Researchers from the Laboratoire de Physique des Solides, the Institut de Chimie des Substances Naturelles and the Université François Rabelais have found a way to describe the thermal disassembly of viral particles as a first-order phase transition. By mapping the icosahedral capsid structure onto a two-dimensional lattice, the researchers have established an expression of the melting temperature as a function of the interaction parameters between subunits. Fluorescence experiments performed with a plant virus have validated the theoretical description.
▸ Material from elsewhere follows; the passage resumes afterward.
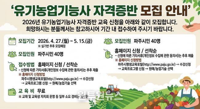 (원투원뉴스) 파주시농업기술센터는 친환경농업 분야 농업 전문 인력 육성을 위한 '2026년 유기농업기능사 자격증 취득’교육생을 4월 27일부터 5월 15일까지 모집한다.

The genetic material of a virus is packaged into a protective shell made up of polypeptide chains and called the capsid. For half of the known viruses, the polypeptides are arranged into a structure with an icosahedral symmetry stabilized by a delicate balance between attractive and repulsive interactions between the polypeptide subunits.

Crystal structure of the cowpea chlorotic mottle virus capsid (left) and two-dimensional lattice (right) used to reproduce thermal disassembly in Monte Carlo simulations.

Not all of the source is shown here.